Chapter 37: Crazy Talk


Life was bad.

Mystique smelled smoke from miles away. It was the first sign of trouble, but she kept her mouth shut--Rogue didn’t need any more distractions. When red lightning struck the Big Apple, she knew she’d gotten herself into another train wreck of a mess. Bad enough Magneto captured Xavier and company, bad enough Rogue flew at top speed to reclaim her Cajun, bad enough the wind chill froze Mystique’s very core, bad enough, but now, the closer the mother and daughter tandem got to Manhattan, the more traffic jams and random acts of violence came into view.

“Ah never seen people panic like this...”

“They’re humans. They’re stupid.”

A mutant with overgrown arms leapt onto the Long Island Expressway and tried to wallop oncoming cars. He’d overestimated his strength, however, and a speeding Escalade launched him kicking and screaming onto the shoulder. The mutant tumbled into a ditch, out of sight, out of mind.

Rogue glanced at her mother who cut her off.

“Not a word, Rogue.”

“Ah didn’t say nothin’.”

“You just did.”

Manhattan proper appeared underneath, and humans lessened, the streets taken over by mutants. Pockets of SWAT teams and patrolmen did their best to stem the pandemonium, but nothing went their way. From being overmatched to outnumbered to outgunned, any semblance of law got routed by mutants. Further into the city, gunfire couldn’t even be heard anymore. Screams, explosions, and celebratory chants became the prominent sounds. The only humans about were fleeing or dying.
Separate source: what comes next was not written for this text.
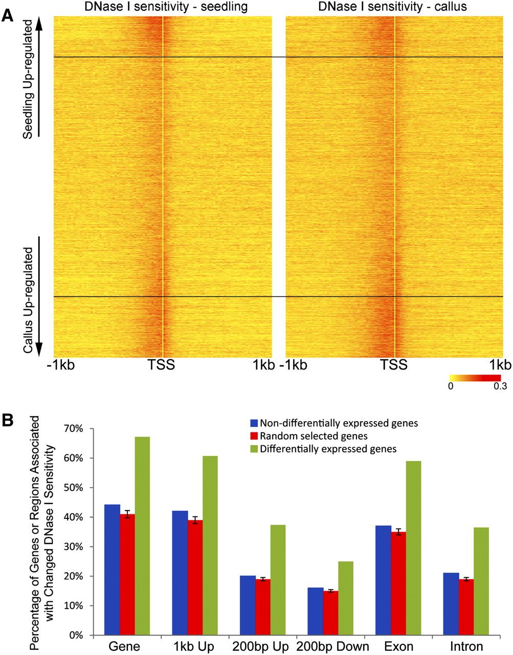 High DNase I sensitivity of the DH sites associated rice genes that differentially expressed in the seedling and callus. (A) Heatmap of DNase I sensitivity surrounding the TSSs of genes. Genes were sorted out based on fold change of gene expression of seedling relative to callus. The genes in the two panels are in the same order. The genes above/under the black lines were significantly up-regulated in the seedling and callus, respectively. DNase I sensitivity was indicated by DNase-seq read number per bp genome per million reads. (B) Percentage of differentially expressed genes associated with DNase I sensitivity changes between the seedling and callus in their genic region, 1000-bp and 200-bp upstream region of TSS, 200 bp downstream from the gene, exon, and intron. We used similar expressed genes and genes randomly selected (10 times) as a control, with the same sample size of differentially expressed genes.

Mystique smiled. Maybe life wasn’t so bad after all: those insignificant homo sapiens got what was coming to them.

Rogue didn’t share those sentiments. “Mama, this ain’t no time ta laugh!”

“You want me to cry for seeing our people finally fighting back?”

Another gulf between the two stuck its head up. Years spent living under Xavier’s reign opened the road of mutant-human coexistence to Rogue. A better future lay in peace and acceptance, not bitter fighting and genocide. As the Professor said once, civilizations born from the blood of others were doomed to their predecessors’ fate. On the other hand, Mystique believed in battling for a better tomorrow. Might was the only language humans understood, and until mutants showed their awesome might, their inferiors would forever torment them. Peace and happiness weren’t free: they had to be earned, many times through bloodshed.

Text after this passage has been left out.